Work instruction »
An exact reproduction of the lines below, from the first through the one with "NB: Only one", is the whole answer; pictures have no place in it.

The data »

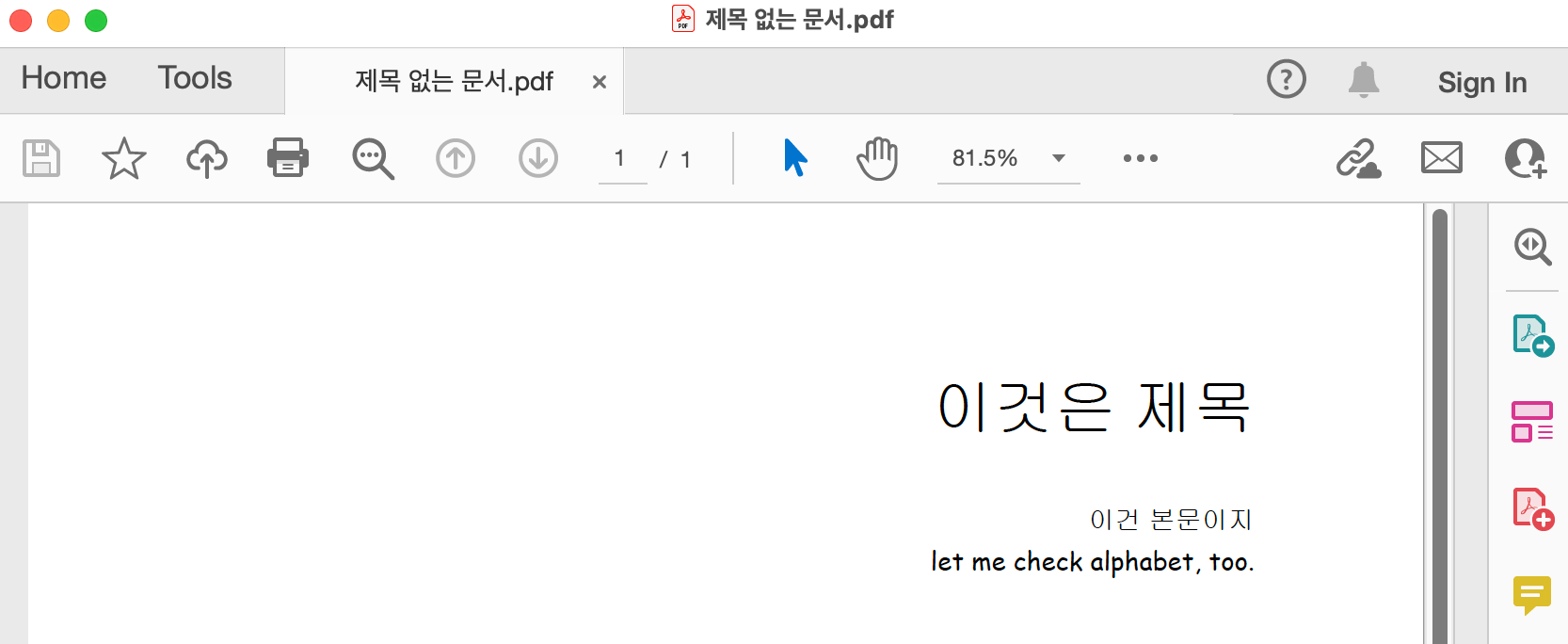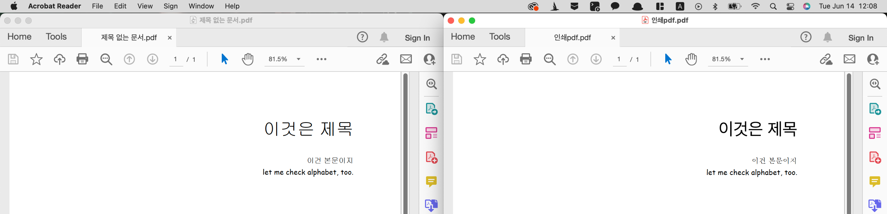 저장된 pdf를 보니 폰트가 달라진 것이다
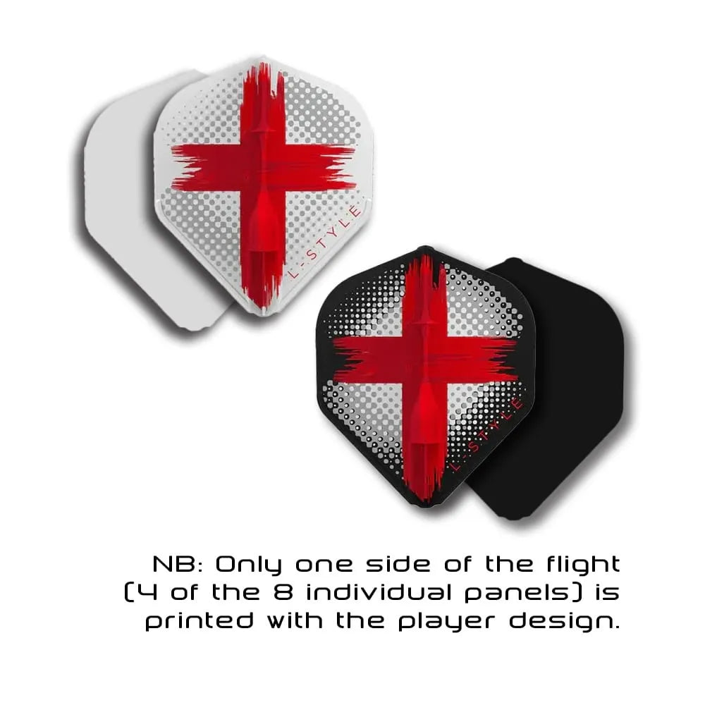 NB: Only one side of the flight (4 of the 8 individual panels) is printed with the player design. The reverse is blank.
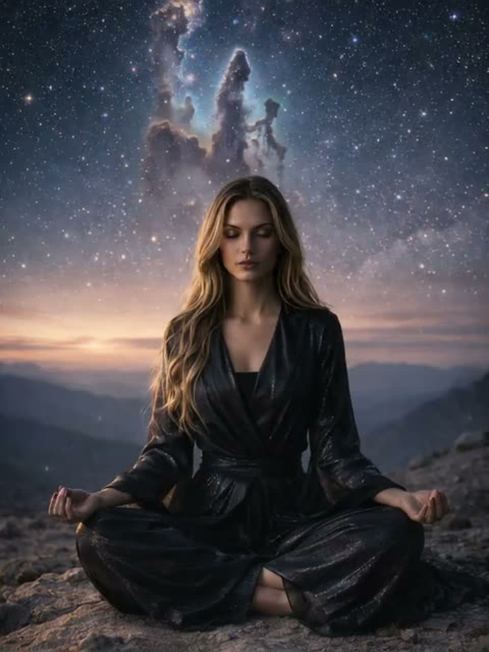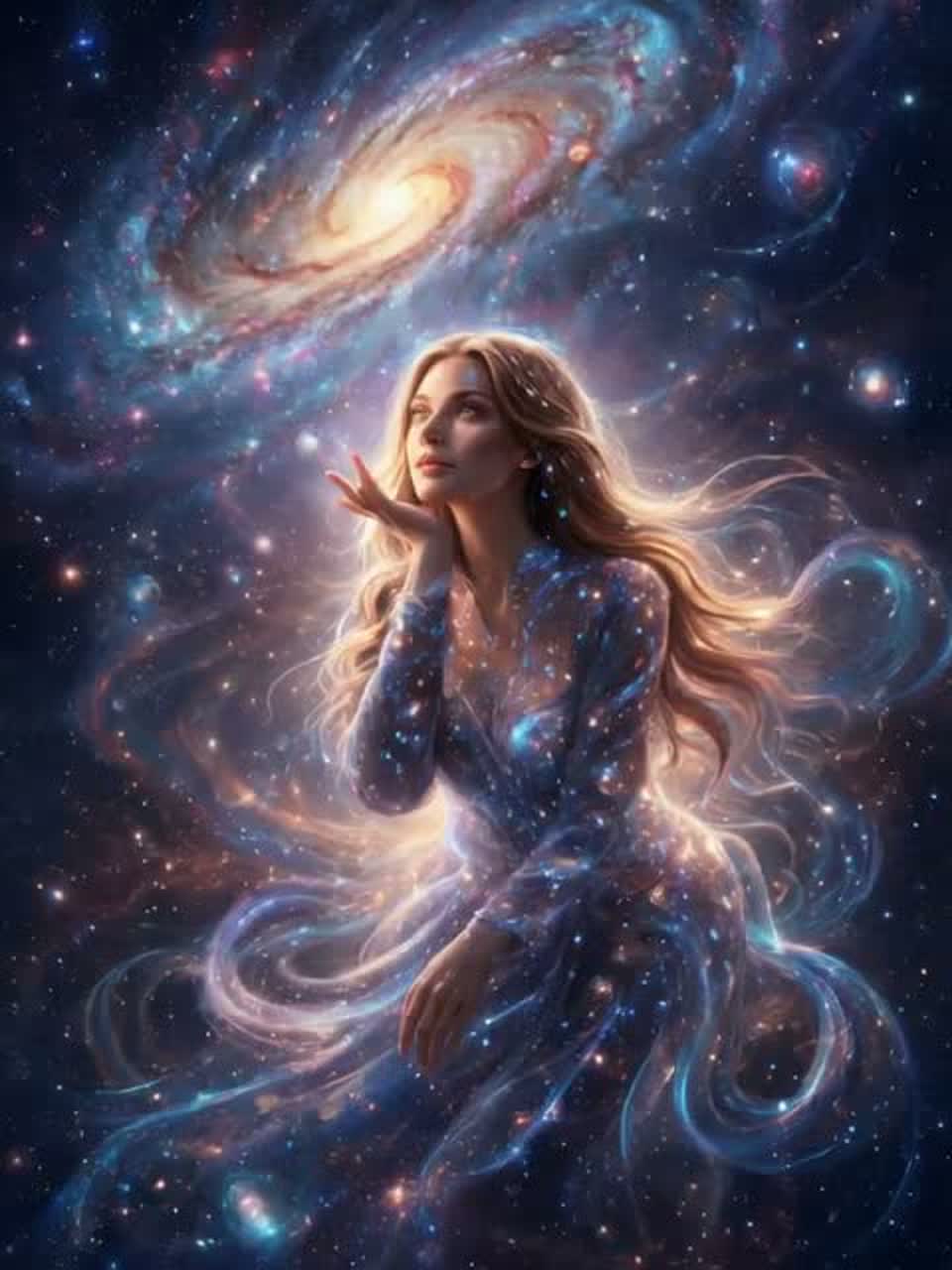 Cinematic atmospheric alternative hard rock at 105 BPM, minor key, mysterious yet dynamic and immersive, Minimal piano arpeggios and ambient pads in verses, deep sub-bass pulses with more rhythmic drive, Ethereal female vocal, intimate and breathy in verses, emotional but controlled in choruses, phrases connected for fluid pacing, Percussion subtly driving, soft hi-hats and low toms, electronic textures accentuating tension, Shimmering electric guitar layers and evolving synths create cosmic space and hidden signals, Dynamic structure: compact immersive intro → tense but shorter verses → energetic pre-choruses → expansive choruses → reflective bridge → final chorus, layered harmonies, cinematic energy, Conceptual motifs: frequencies, signals, cosmic whispers, and the universe recognizing Elyra, Mood progression: curiosity → discovery → connection with the vast unseen

Answer »
 저장된 pdf를 보니 폰트가 달라진 것이다
 NB: Only one side of the flight (4 of the 8 individual panels) is printed with the player design. The reverse is blank.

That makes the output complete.